Menu

Topic 8 of 8

Input Validation And Sanitization

Learn Input Validation And Sanitization for free with explanations, exercises, and a quick test (for API Engineer).

Published: January 21, 2026 | Updated: January 21, 2026

Why this matters

As an API Engineer, you guard the gateway to data and services. Most real incidents start with unsafe input: injection, oversized payloads that exhaust memory, or fields that slip past weak checks. Solid input validation and context-aware sanitization stop these issues early, reduce incident risk, and keep your services predictable.

  • Real tasks you’ll do: define request schemas, implement validators, enforce size/type/format, ensure safe encoding for logs, HTML, SQL, and file paths.
  • Impact: fewer vulnerabilities, fewer crashes, clearer errors for clients, and simpler downstream code.

Concept explained simply

Validation = decide if input is acceptable.
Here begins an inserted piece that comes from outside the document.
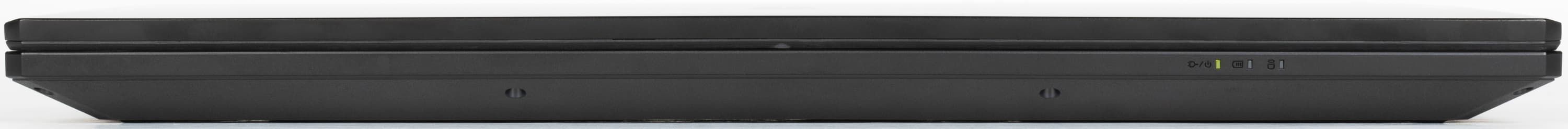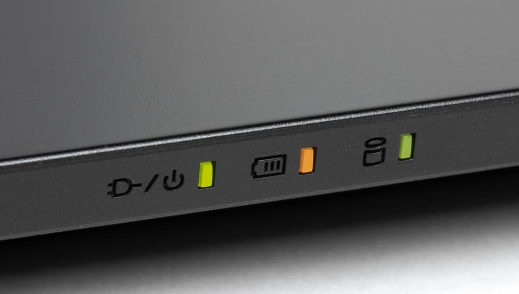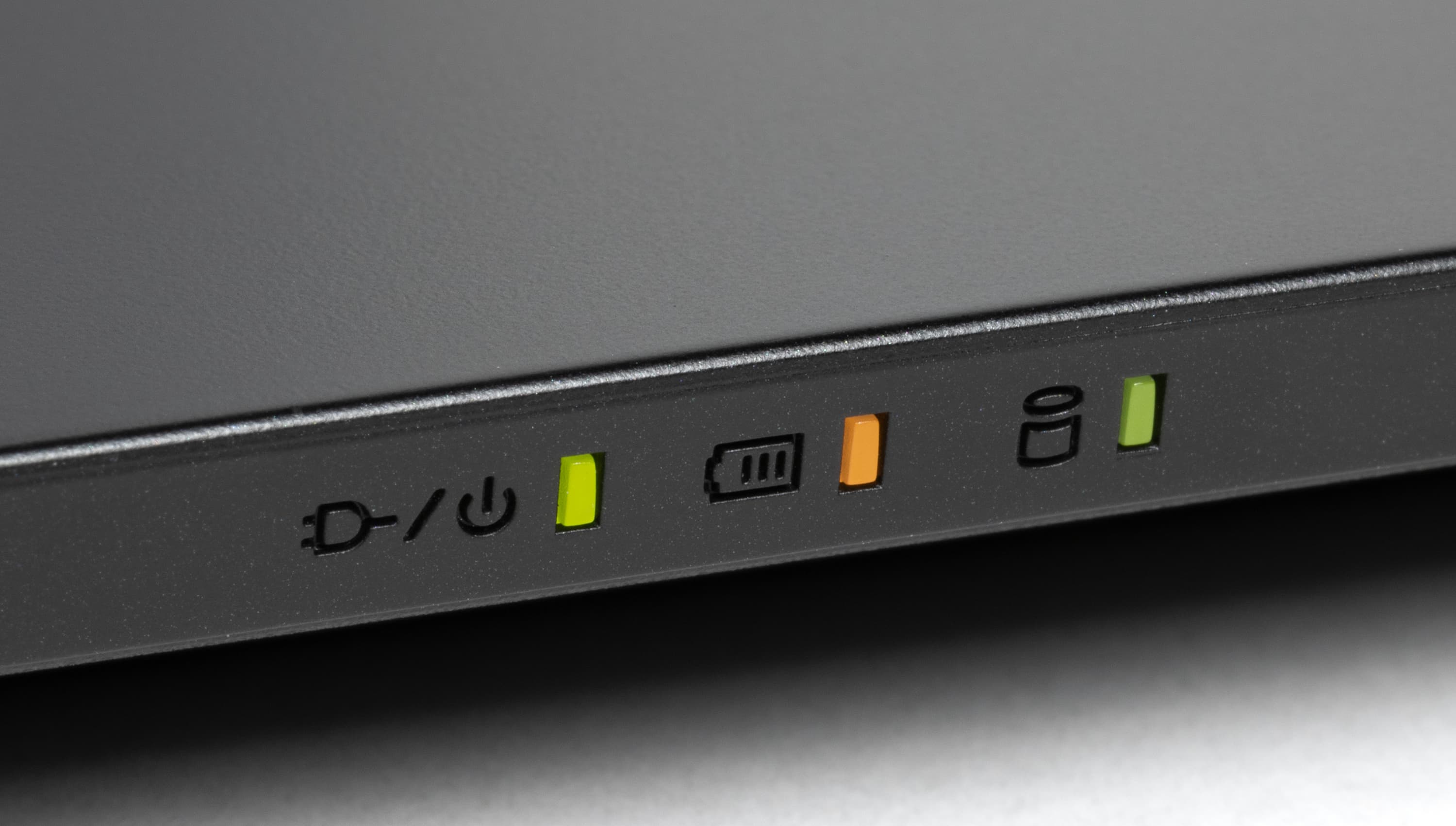 Еще три индикатора находятся на передней кромке корпуса. Левый горит желтым при подключении блока питания, становится зеленым после включения ноутбука кнопкой и мигает в режиме сна, средний отображает состояние батареи (об этом ниже), правый показывает дисковую активность.

If not, reject with a clear error.
Sanitization = transform data so it’s safe for a specific context (e.g., HTML-encode before rendering).

Key ideas, short and sweet
  • Allowlist over blocklist: define exactly what is allowed (types, ranges, formats).
  • Normalize before validate: trim, Unicode normalize (e.g., NFKC), and canonicalize file paths.
  • Context matters: encode for the target sink (HTML, SQL, shell, logs). Prepared statements beat escaping for SQL.
  • Fail closed: when in doubt, reject.
  • Small, fast checks first: size limits before deep parsing to avoid DoS.

Mental model

Think of your API like airport security:

  • Check the ticket (schema/type/format).
  • Size limits (baggage size/body size).
  • Restricted items (allowlist values).
  • Route to the right gate (sanitize per context: HTML, SQL, logs).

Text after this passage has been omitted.